视网膜是完成视功能的重要组织,位于眼球壁的最内层。视网膜脱离是指视网膜内层,即神经上皮层与基本的色素上皮层之间的分离。临床上可分为原发性和继发性两大类。临床表现有眼前闪光、视力和视野的改变、眼压逐渐下降。临床上对视网膜脱离的手术方式有巩膜外环扎、冷冻、加压术;玻璃体切割+气体(空气或惰性气体C3F8)或硅油或重水填充术。

一、护理措施

1.术前护理

(1)评估患者对疾病的了解程度,做好健康宣教工作,使患者主动配合治疗。

(2)协助患者做好个人卫生,包括发、指甲、皮肤等。发长女病人可洗头后梳成发辫,以便手术后卧位。

(3)以卧床休息为主,禁止剧烈活动,可适当散步,以便保持良好的身体状态接受治疗。卧床的姿势宜是网膜的脱离部位处于最低位,而减少网膜脱离继续扩大的可能。

(4)嘱患者保持排便通畅,防止用力排便而加重视网膜脱离。

(5)预防感冒,有遇发热、咳嗽等全身症状应积极治疗,以免延误手术。

(6)其他准备同内眼术前准备。

2.术后护理

(1)术后给予一级护理。

(2)观察患者术眼敷料有无渗血、渗液以及术眼疼痛情况,对于持续性眼痛伴头

痛、恶心、呕吐者应及时通知医师。

(3)术后当日嘱患者以卧床休息为主,可以下地、入厕及坐起进食,但不可长时间活动。

(4)饮食以质软易消化食物为首选,少食辛辣刺激性食物。

(5)协助患者进行生活护理,每日洗脸,保持术眼局部清洁无分泌物。

(6)遵医嘱给予患者局部点药治疗,每次点药前均需将眼睑分泌物清除,以保证药液与眼结膜的充分接触。

(7)每日询问患者排便情况,如有便秘及时处理,嘱患者排便时不要过度用力,防止视网膜再脱离。

(8)患者若行巩膜外环扎、冷冻、加压术,术眼的疼痛较为明显,嘱患者减少眼球的不必要转动,以减轻疼痛;遵医嘱及时给予镇痛药物并观察用药后反应,如出现第2条所列症状需及时通知医师,有可能是眼压过高所致疼痛。

(9)患者若行玻璃体切割+填充物填充术,术后也可能出现疼痛,如患者出现第2条所列症状需及时通知医师,可能是眼压过高所致。患者眼压可升高至药物难以控制的水平,需行手术,放出一部分气体或硅油,以达到降低眼压的目的。

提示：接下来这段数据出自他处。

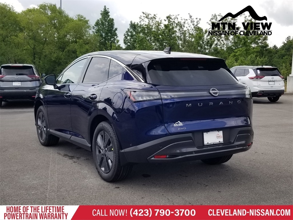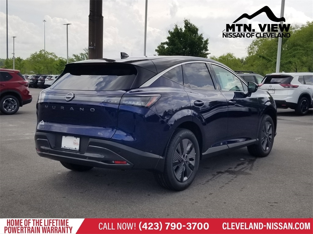 Deep Ocean Blue Pearl/Super Black 2025 Nissan Murano SL I4 AWD 4D Sport Utility 9-Speed Automatic * Bluetooth/Handsfree Calling *, * USB Adapter *, Murano SL AWD, 4D Sport Utility, I4, 9-Speed Automatic, AWD, Deep Ocean Blue Pearl/Super Black, Graphite Premium Synthetic, 3-Position Cargo Area Protector, Cargo Net, Cargo Package, First Aid Kit, Navigation system: NissanConnect with Navigation and Services, Retractable Cargo Cover, 10 Speakers, 2-Tone Paint (E09), 20Alloy Wheels, 4-Wheel Disc Brakes, ABS brakes, Air Conditioning, Alloy wheels, AM/FM radio: SiriusXM w/360L, Auto High-beam Headlights, Auto-dimming Rear-View mirror, Automatic temperature control, Brake assist, Bumpers: body-color, Carpeted Floor & Cargo Mats, Child-Seat-Sensing Airbag, Compass, Delay-off headlights, Driver door bin, Driver vanity mirror, Dual front impact airbags, Dual front side impact airbags, Electronic Stability Control, Emergency communication system: NissanConnect Services, Four wheel independent suspension, Front anti-roll bar, Front Bucket Seats, Front Center Armrest, Front dual zone A/C, Front reading lights, Fully automatic headlights, Garage door transmitter: myQ Connected Garage, Grained Splash Guards, Heated door mirrors, Heated Front Bucket Seats, Heated front seats, Heated steering wheel, Illuminated entry, Knee airbag, Low tire pressure warning, Memory seat, Occupant sensing airbag, Outside temperature display, Overhead airbag, Overhead console, Panic alarm, Passenger door bin, Passenger vanity mirror, Power door mirrors, Power driver seat, Power Liftgate, Power moonroof: Panoramic, Power passenger seat, Power steering, Power windows, PVC (Leatherette) Seat Trim, Radio data system, Radio: NissanConnect w/Hybrid Radio, Rear anti-roll bar, Rear reading lights, Rear seat center armrest, Rear side impact airbag, Rear window defroster, Rear window wiper, Remote keyless entry, Security system, Speed control, Speed-Sensitive Wipers, Split folding rear seat, Spoiler, Steering wheel mounted audio controls, Tachometer, Telescoping steering wheel, Tilt steering wheel, Traction control, Trip computer, Turn signal indicator mirrors, USB Charging Cables, Variably intermittent wipers, Wireless Apple CarPlay/Wireless Android Auto, Murano SL AWD, 4D Sport Utility, I4, 9-Speed Automatic, AWD, Deep Ocean Blue Pearl/Super Black, Graphite Premium Synthetic, 3-Position Cargo Area Protector, Cargo Net, Cargo Package, First Aid Kit, Navigation system: NissanConnect with Navigation an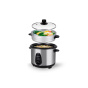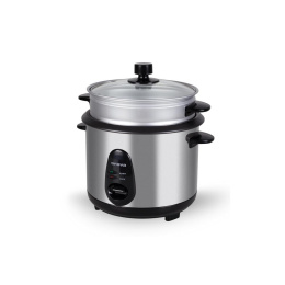 "Multifunkční hrnec. Jednoduché ovládání a rychlé vaření. Plně automatický provoz. Objem 1,5 l (pro přípravu 450 g rýže). Vhodný pro přípravu všech druhů rýže včetně rýže na sushi. Pařák pro šetrné a zdravé vaření ryb, zeleniny, případně pro ohřev dalších potravin. Světelná signalizace provozu a udržování teploty. Funkce Keep Warm uchová rýži teplou a čerstvou až 6 hodin. Jednoduché čištění, vyjímatelná vnitřní nádoba s nepřilnavým povrchem. Skleněná poklice s otvorem pro únik přebytečné páry. Dodávané příslušenství: špachtle na rýži, odměrka na rýži a vodu. Praktické rukojeti na obou stranách Protiskluzové nožičky. Napájení: 220 – 240 V~ 50 – 60 Hz, 500 W".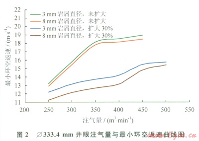 采用最小動(dòng)能法判斷標(biāo)準(zhǔn):l]確定合理灃氣量,該方法認(rèn)為:當(dāng)環(huán)空空氣最小返速不小于15.24m/s時(shí),能將井底產(chǎn)生的巖屑攜帶至地面。根據(jù)實(shí)際鉆屑情況,模擬計(jì)算了Æ431.8mm和Æ333.4mm兩種井眼尺寸,考慮不同井眼擴(kuò)大率,不同巖屑顆粒尺寸條件下的最小環(huán)空返速,參照最小動(dòng)能法判斷標(biāo)準(zhǔn),確定出合理注氣量(表1,圖1、2)。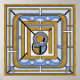 En abstrakt, geometrisk bild av en uggla, rik i Art Deco stil med ett harmoniskt blått och guld färg-system.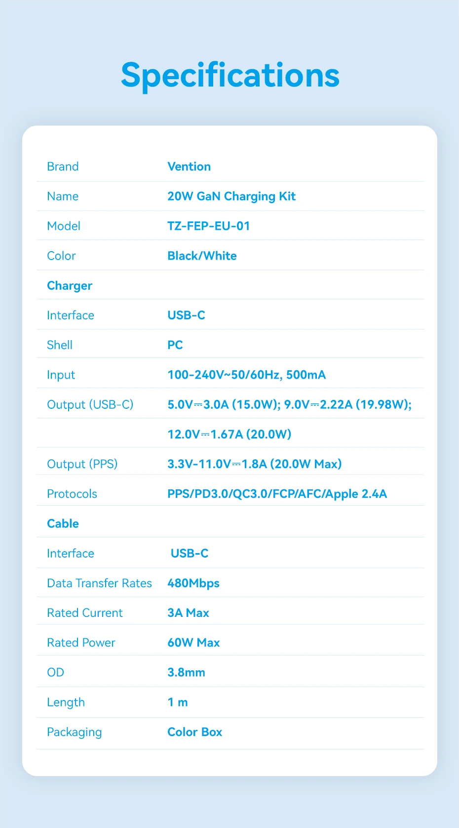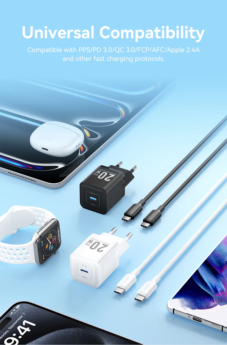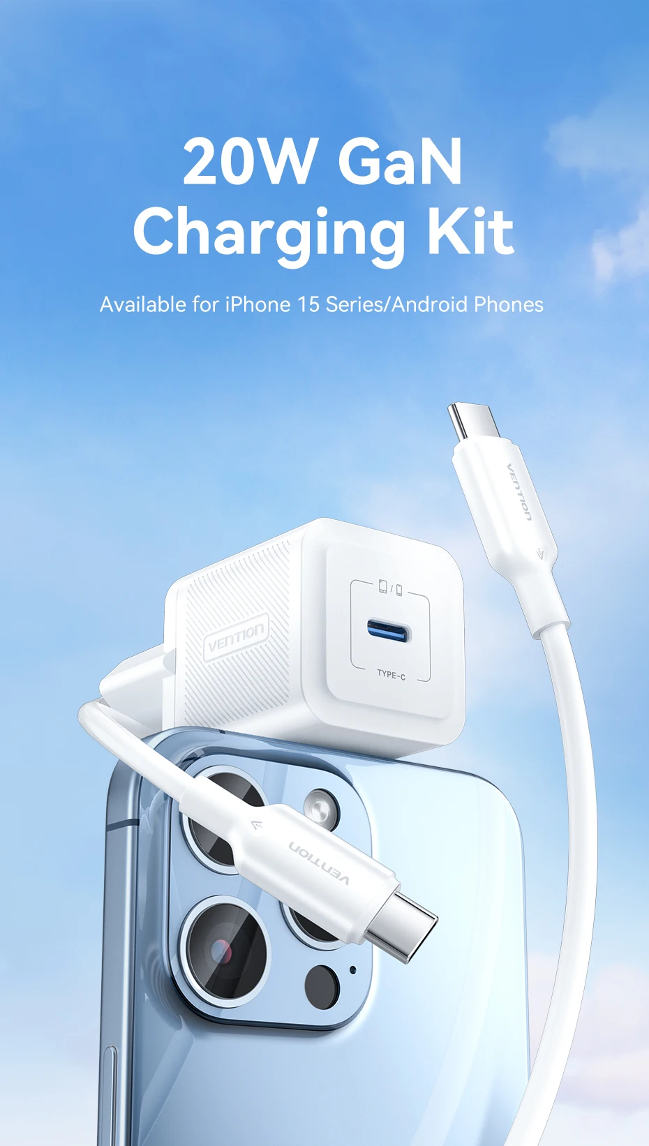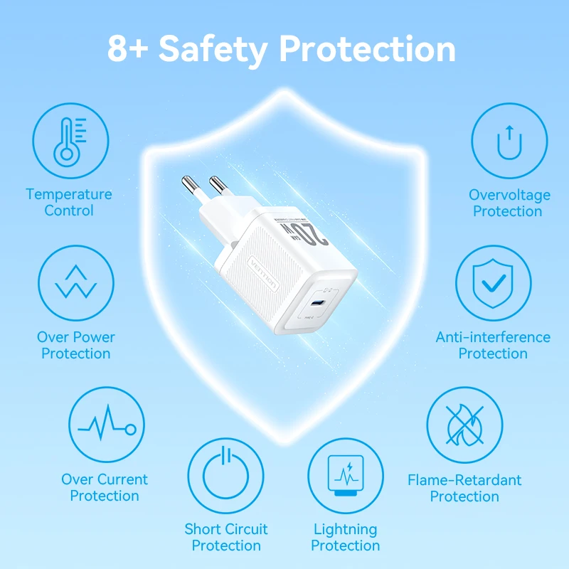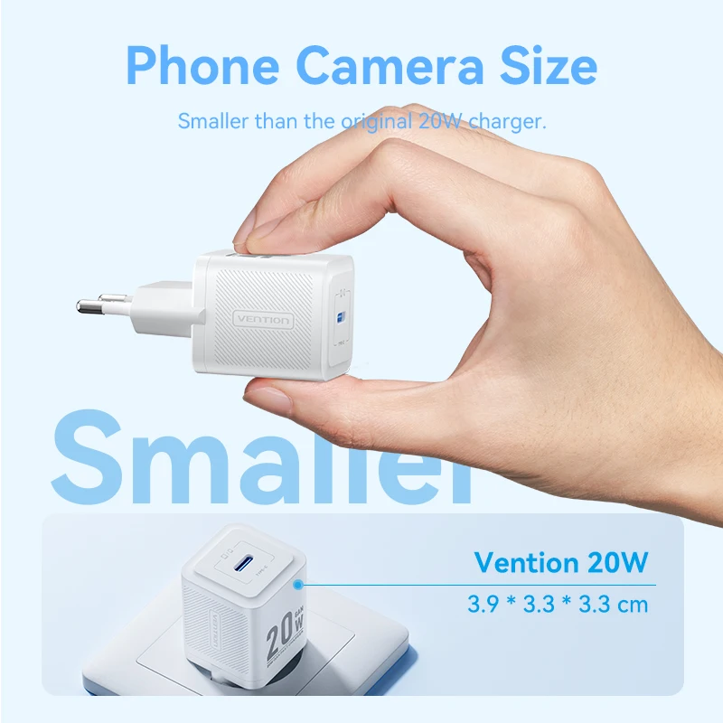 Comprar Vention GaN cargador USB tipo C 20W PD carga rápida teléfono QC 3,0 cargadores rápidos para iPhone 14 13 12 11 Pro Max Mini iPad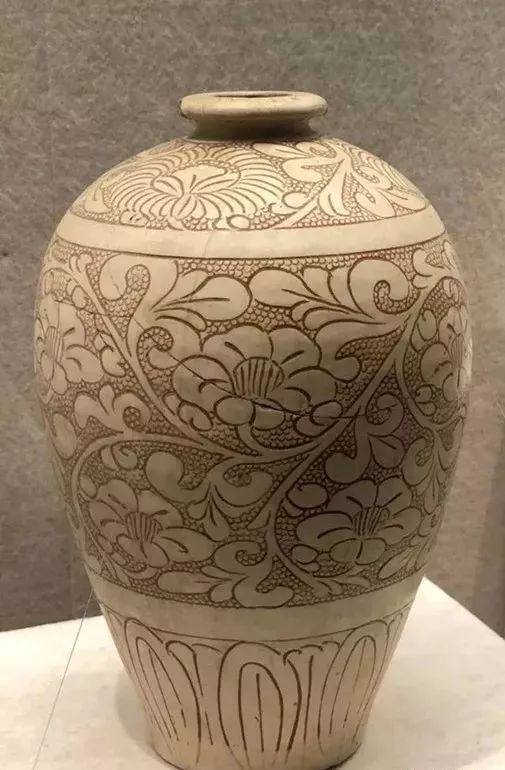 北宋 新安窑白釉珍珠地划花缠枝花卉纹瓶 ,1984年河南省三门峡市区宋墓出土 河南省三门峡市博物馆藏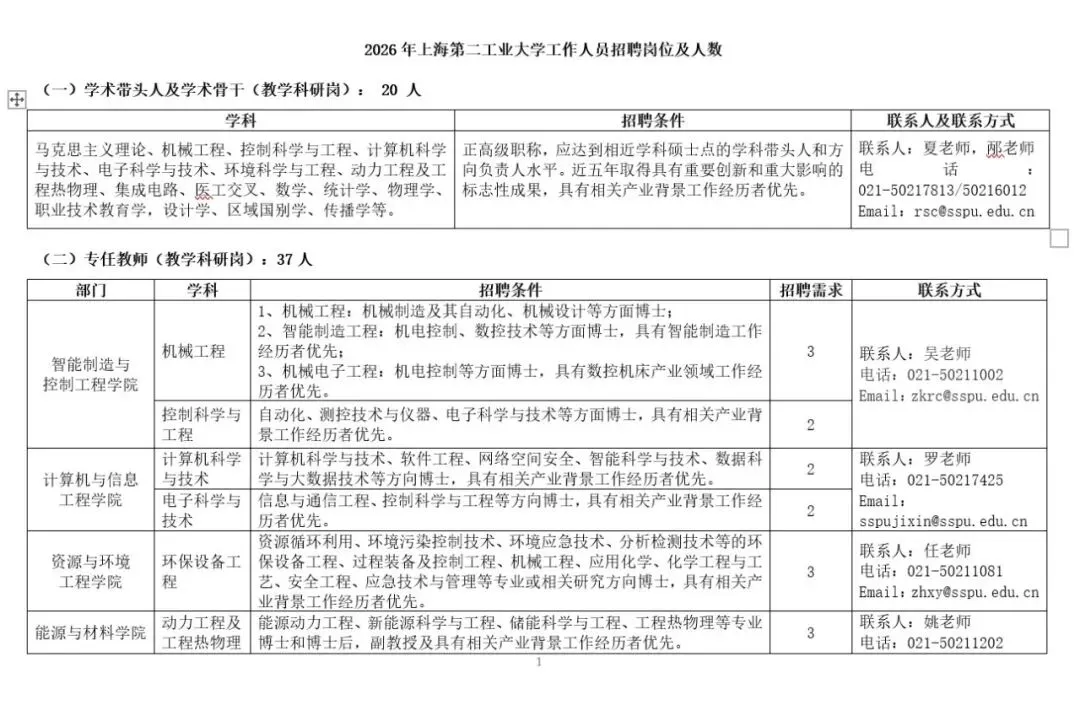 上海第二工业大学成立于1960年,是一所工科见长,多学科协调发展的市属普通高等学校,是上海市“高水平地方高校建设”培育单位,上海市应用型本科高校人才培养模式改革试点单位,硕士学位授权单位,博士学位授权单位建设(培育)单位,浦东新区博士后创新实践基地。学校设有16个二级教学单位,人才培养覆盖工学、管理学、经济学、理学、艺术学、文学、教育学、法学等8个学科门类,现有13个硕士学位授权点,50个本科专业,全日制在校生16000余人,教职员工近1200人,拥有国家级和省部级各类高层次人才近百人次。为进一步推进人才强校战略,优化师资队伍结构,根据《上海市事业单位公开招聘人员办法》(沪人社规〔2019〕15号)等文件精神及相关规定,结合学校实际,诚邀海内外优秀人才加盟。
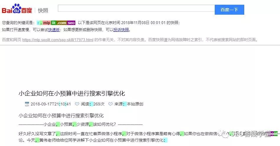 其实,百度也有移动优先索引的做法,只是很隐蔽,估计很少有人知道。百度推出了MIP和熊掌号,都是针对移动端,不知是否有同学发现,当你提交熊掌号内容后,该页面很快就被收录,也许很多同学到这步就结束,其实,各位同学在多做一步“查看百度快照”就可以发现,在PC端收录的其实是移动端的页面(你提交的页面URL)。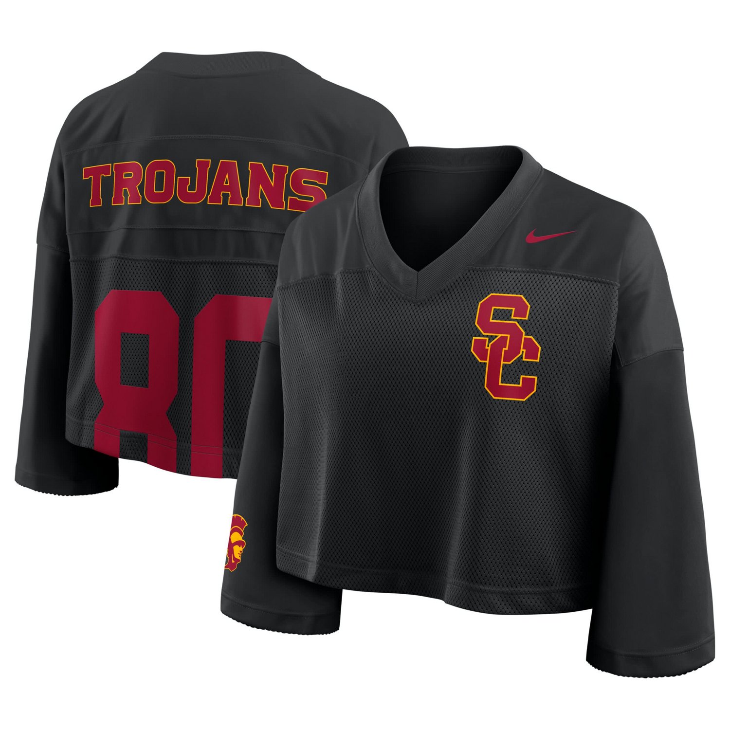 Nike merges fashion fandom and comfort with this USC Trojans Cropped Mesh Jersey Its trendy design features dropped shoulders for ease of movement a roomy fit and breathable mesh fabric Sweat-wicking Dri-FIT technology keeps you dry and cool all day in this stylish USC Trojans jersey

(10)患者行玻璃体切割+填充物填充术后,需保持头低位或根据视网膜裂孔位置采取特殊体位,每日保持时间根据每个患者的具体情况而定。行气体填充术后患者保持特殊体位8~10天,而行硅油填充的患者则要保持30~45天。

(11)教会患者几种体位的变换姿势,督促患者经常更换体位,以缓解局部肌肉紧张。

(12)嘱患者不要做下蹲后提重物的动作,以防止视网膜再度脱离。

二、主要护理问题

1.潜在并发症:感染,与内眼手术有关。

2.焦虑:与视力下降,视野缺损有关。

3.有皮肤完整性受损的危险:与长期头低卧位有关,尤其是糖尿病患者。

4.疼痛:与眼压升高有关。

第七节角膜移植术护理

角膜移植术是用健康透明的供体角膜,置换掉混浊的角膜。角膜来源有自体、同种和异种之分。临床上常用的手术方式有穿透性角膜移植和板层角膜移植。其目

的:

1.光学性角膜移植:主要为改善视力。

2.治疗性角膜移植:去除感染病灶或为减轻疼痛、阻止病变恶化。

3.整复性角膜移植:为保持组织完整性。

4.美容性角膜移植:为改善外观。

适应证:角膜边缘变性、蚕蚀性角膜溃疡、角膜瘘、后弹力层膨出、大泡性角膜炎、顽固性角膜溃疡、角膜葡萄肿、睑球角膜粘连(化学伤后)等。

一、护理措施

1.术前护理

(1)评估患者的情绪紧张程度,了解其对手术的期望值。

(2)向患者介绍手术的简单过程及所需时间。

(3)术前患者术眼用生理盐水进行结膜囊的冲洗,并剪去睫毛。

(4)遵医嘱术前应用缩瞳药物,术眼每隔10分钟点1次,共4次。

(5)遵医嘱术前30分钟静脉输注20%甘露醇,防止眼压升高引发玻璃体疝。

(6)遵医嘱给予镇静药物,如地西泮25mg。

(7)遵医嘱给予消炎眼药点眼,预防感染发生。

(8)患者术前可照常进食,活动不受影响。

2.术后护理

(1)术后给予一级护理。

(2)观察患者术眼敷料有无渗血、渗液,发现后应及时通知医师。

(3)嘱患者回病房后卧床休息4~6小时,可以下地入厕、或坐起吃饭,但应减少或避免室外活动。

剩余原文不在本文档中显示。